● **Information provided**
________

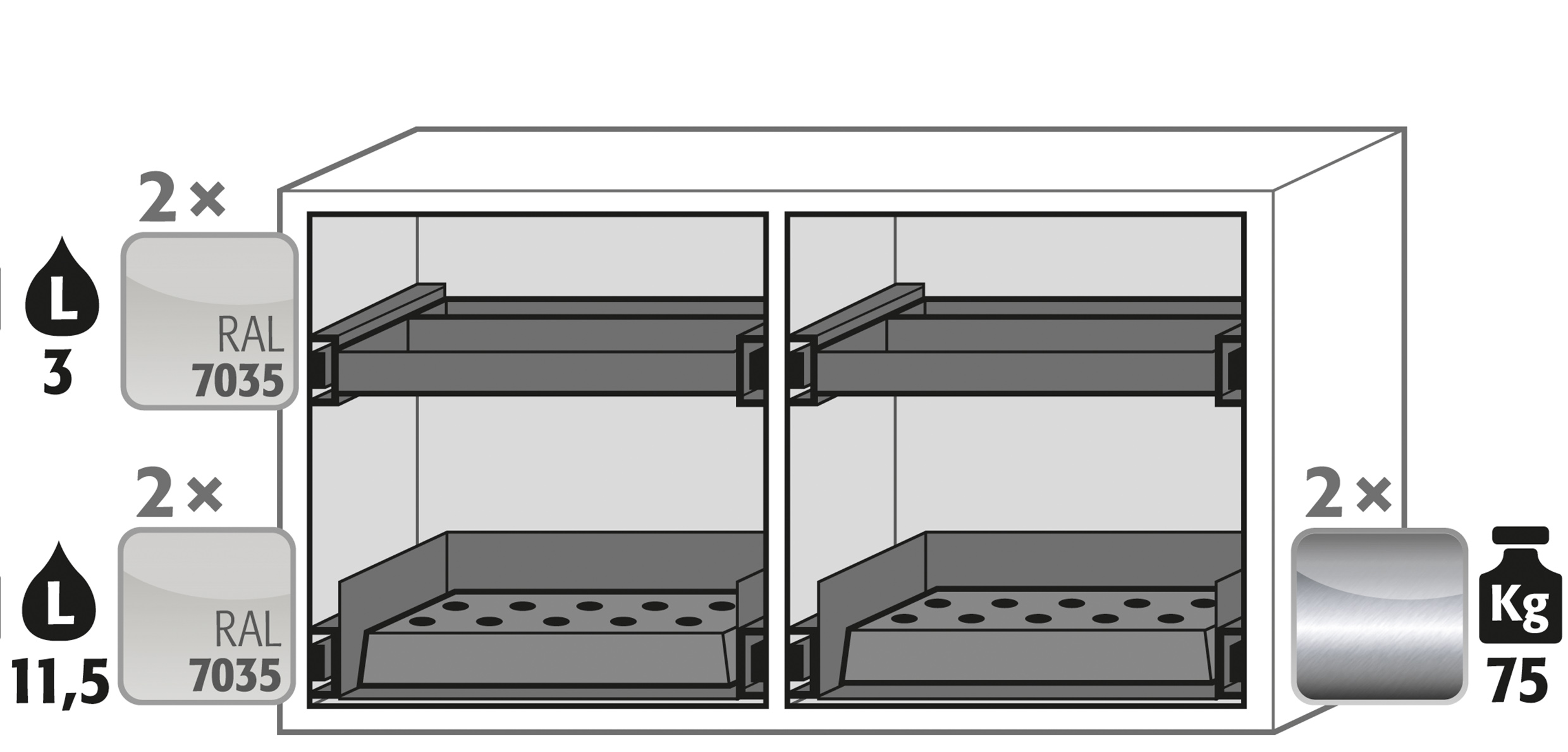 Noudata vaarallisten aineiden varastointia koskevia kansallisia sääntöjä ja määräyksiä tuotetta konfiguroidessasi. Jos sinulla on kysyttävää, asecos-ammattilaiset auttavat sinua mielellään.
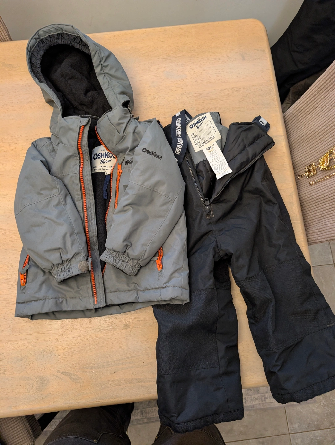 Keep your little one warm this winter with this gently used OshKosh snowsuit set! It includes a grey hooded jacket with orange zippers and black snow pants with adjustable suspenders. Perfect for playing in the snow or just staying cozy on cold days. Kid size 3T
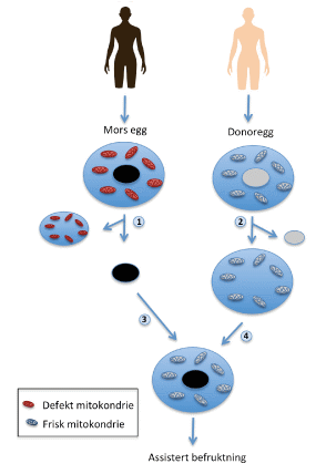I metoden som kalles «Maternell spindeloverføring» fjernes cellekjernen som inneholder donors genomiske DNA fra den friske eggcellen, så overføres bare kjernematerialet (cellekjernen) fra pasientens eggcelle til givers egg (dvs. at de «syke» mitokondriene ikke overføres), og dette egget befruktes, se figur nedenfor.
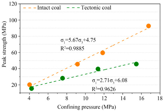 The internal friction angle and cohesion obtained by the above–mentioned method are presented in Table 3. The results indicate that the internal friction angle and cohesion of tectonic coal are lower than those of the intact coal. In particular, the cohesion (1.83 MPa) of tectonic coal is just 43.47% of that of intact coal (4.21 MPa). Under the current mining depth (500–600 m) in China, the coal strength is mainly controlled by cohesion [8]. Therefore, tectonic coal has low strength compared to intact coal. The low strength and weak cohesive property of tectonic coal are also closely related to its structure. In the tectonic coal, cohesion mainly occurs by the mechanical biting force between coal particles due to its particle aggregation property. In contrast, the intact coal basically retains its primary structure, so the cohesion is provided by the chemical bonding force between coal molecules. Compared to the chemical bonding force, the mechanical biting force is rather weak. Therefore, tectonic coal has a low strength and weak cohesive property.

________

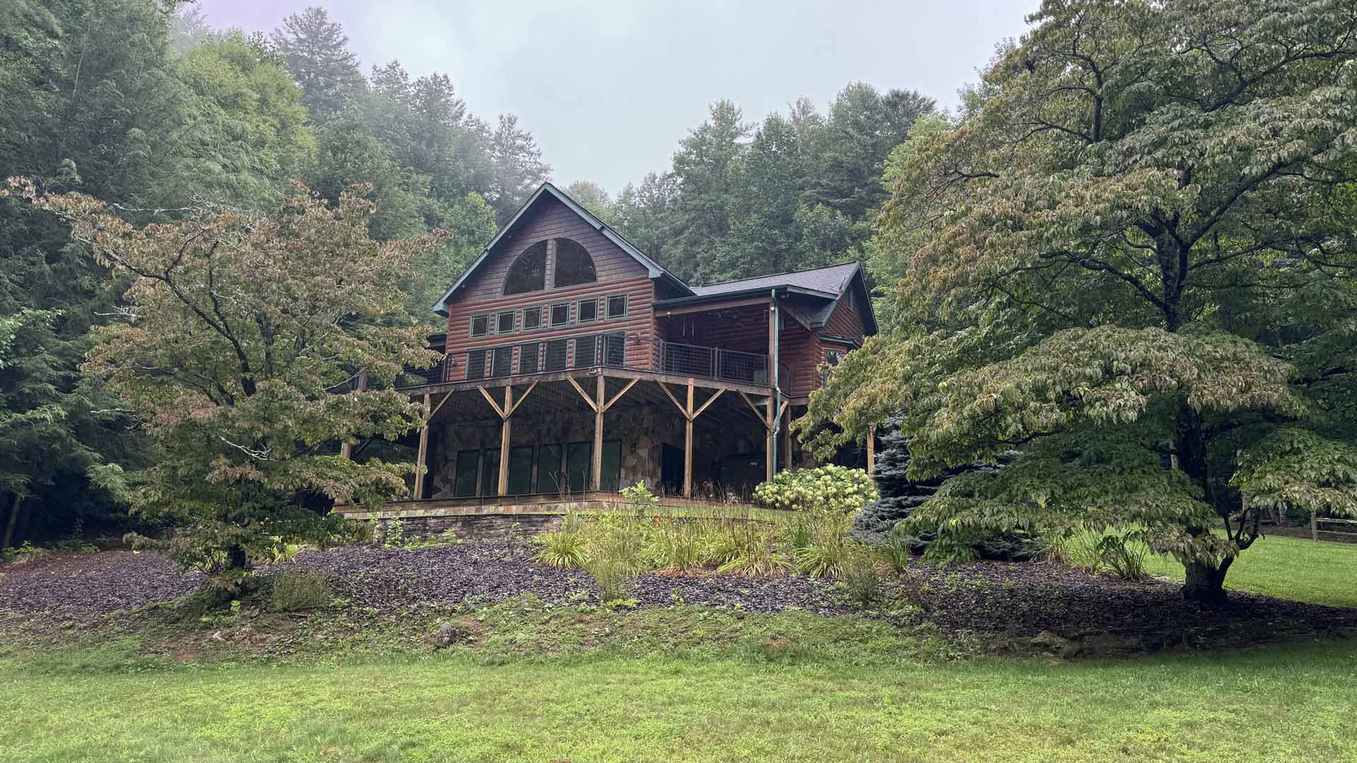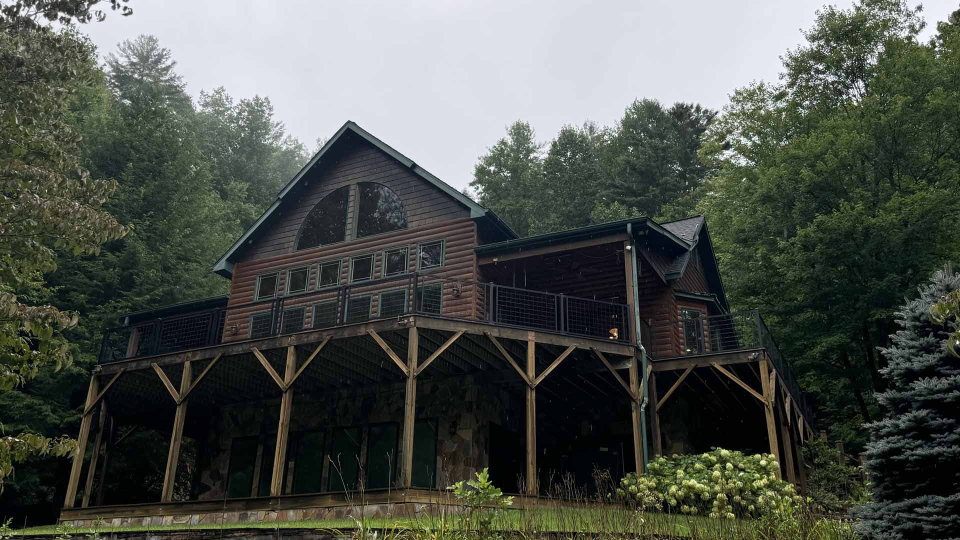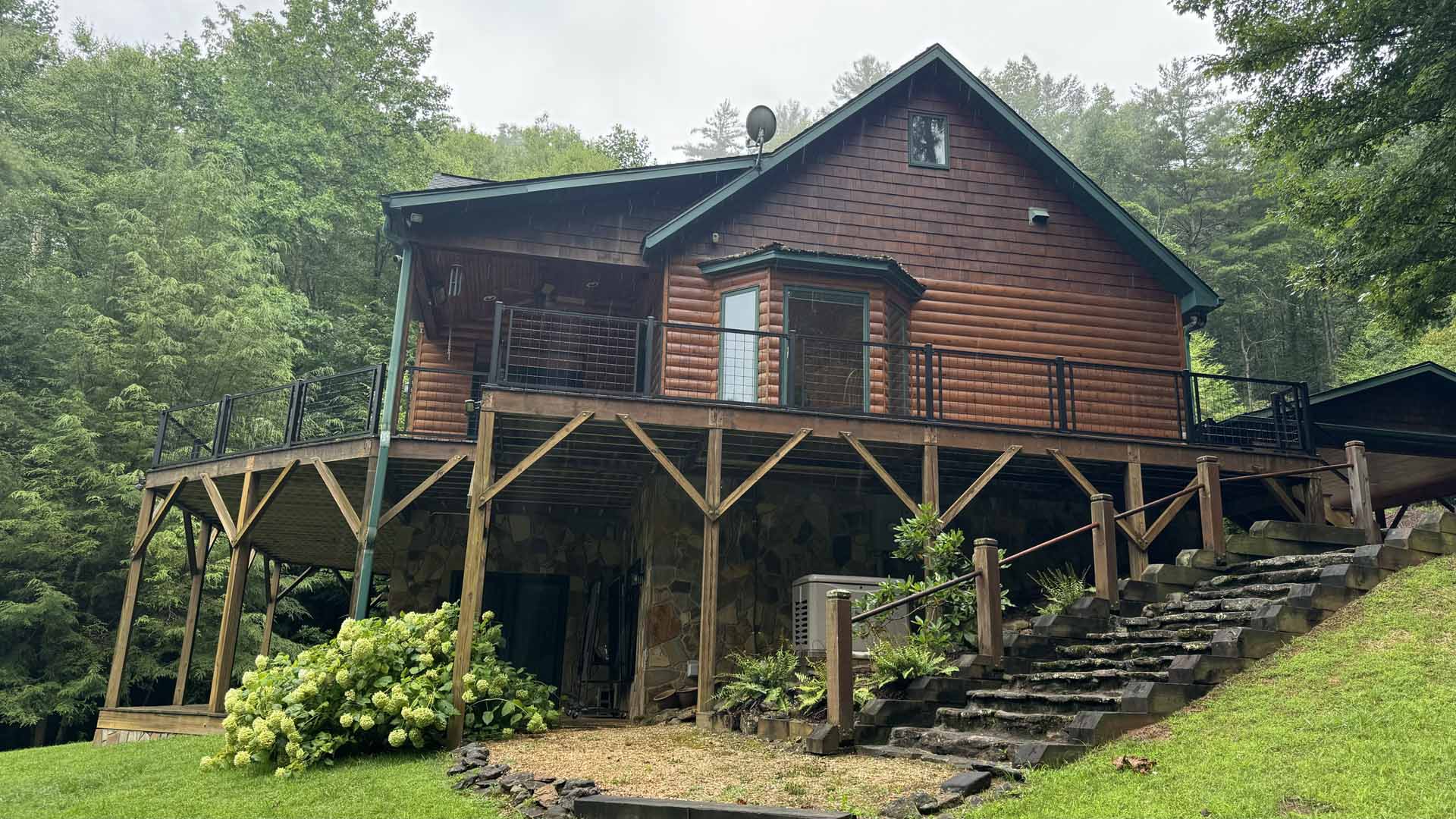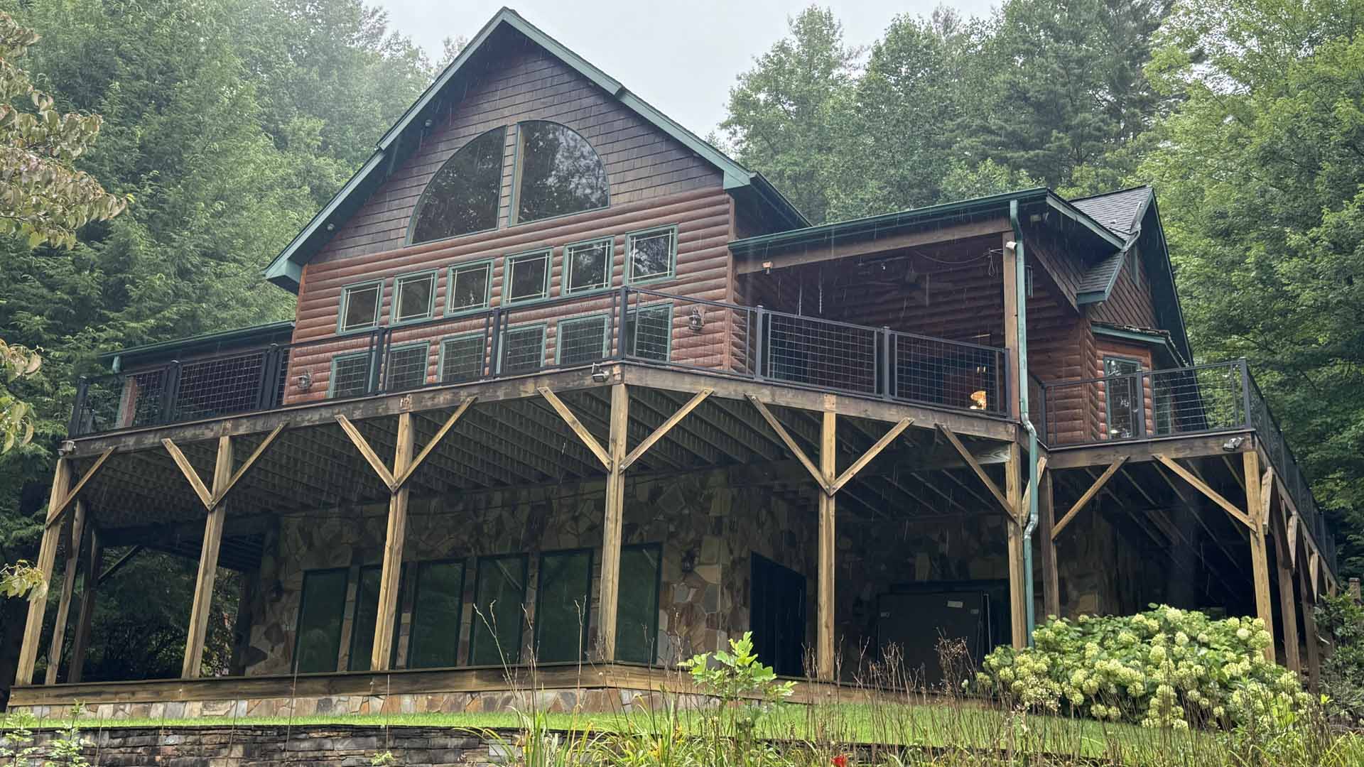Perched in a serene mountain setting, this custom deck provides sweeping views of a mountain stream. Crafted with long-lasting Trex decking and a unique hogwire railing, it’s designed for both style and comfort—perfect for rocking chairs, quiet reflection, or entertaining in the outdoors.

________

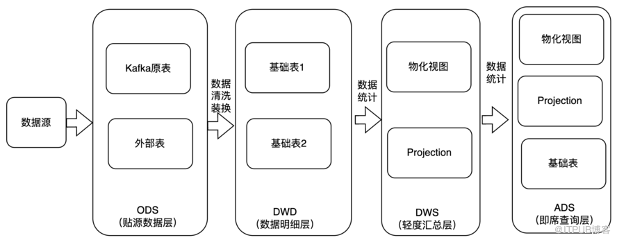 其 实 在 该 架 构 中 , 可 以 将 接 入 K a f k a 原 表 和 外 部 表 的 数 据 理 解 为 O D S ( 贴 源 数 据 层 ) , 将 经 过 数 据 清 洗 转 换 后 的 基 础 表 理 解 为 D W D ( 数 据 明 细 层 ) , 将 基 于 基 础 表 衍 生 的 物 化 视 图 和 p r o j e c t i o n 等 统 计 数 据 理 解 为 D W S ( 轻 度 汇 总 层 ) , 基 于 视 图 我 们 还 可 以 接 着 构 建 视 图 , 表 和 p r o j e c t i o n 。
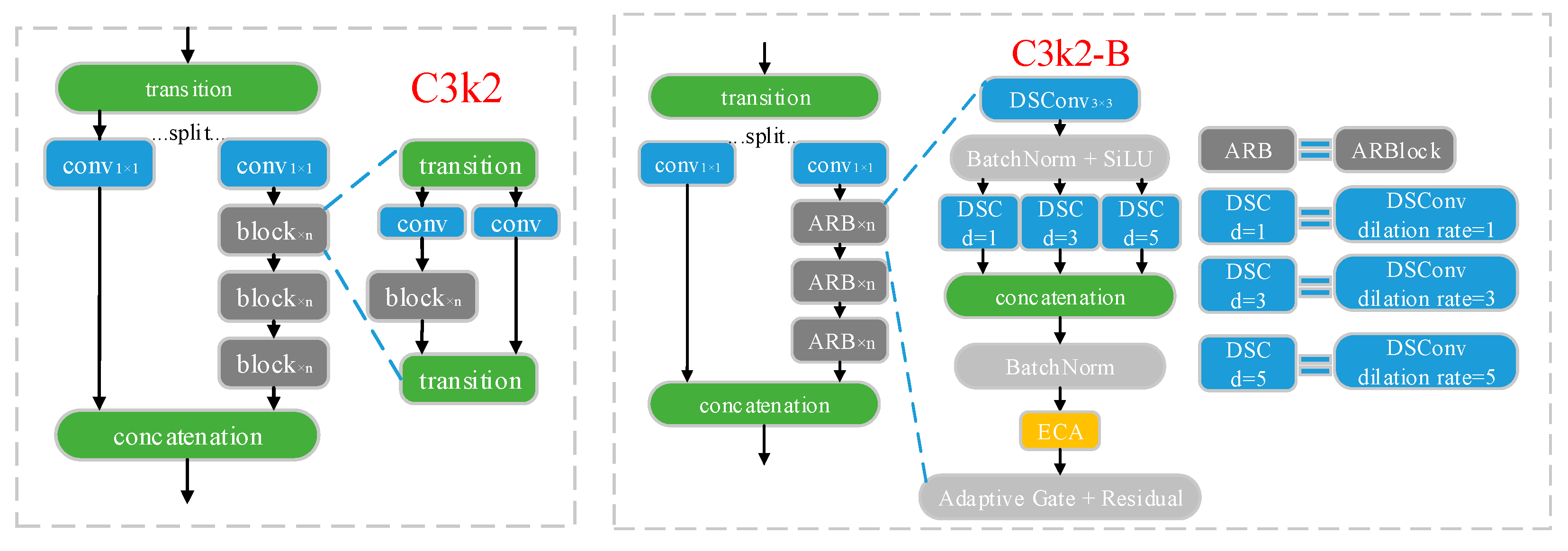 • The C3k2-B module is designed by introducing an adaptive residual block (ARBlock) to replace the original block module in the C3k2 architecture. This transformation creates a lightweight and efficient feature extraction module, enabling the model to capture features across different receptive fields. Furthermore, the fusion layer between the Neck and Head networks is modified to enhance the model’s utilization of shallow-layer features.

________

● **Exercise directions**
Only the lines above starting with the line with "Noudata vaarallisten aineiden" and going on through the line with "I metoden som" belong in the answer; repeat them exactly, minus any picture.

● **Reply**
 Noudata vaarallisten aineiden varastointia koskevia kansallisia sääntöjä ja määräyksiä tuotetta konfiguroidessasi. Jos sinulla on kysyttävää, asecos-ammattilaiset auttavat sinua mielellään.
 Keep your little one warm this winter with this gently used OshKosh snowsuit set! It includes a grey hooded jacket with orange zippers and black snow pants with adjustable suspenders. Perfect for playing in the snow or just staying cozy on cold days. Kid size 3T
I metoden som kalles «Maternell spindeloverføring» fjernes cellekjernen som inneholder donors genomiske DNA fra den friske eggcellen, så overføres bare kjernematerialet (cellekjernen) fra pasientens eggcelle til givers egg (dvs. at de «syke» mitokondriene ikke overføres), og dette egget befruktes, se figur nedenfor.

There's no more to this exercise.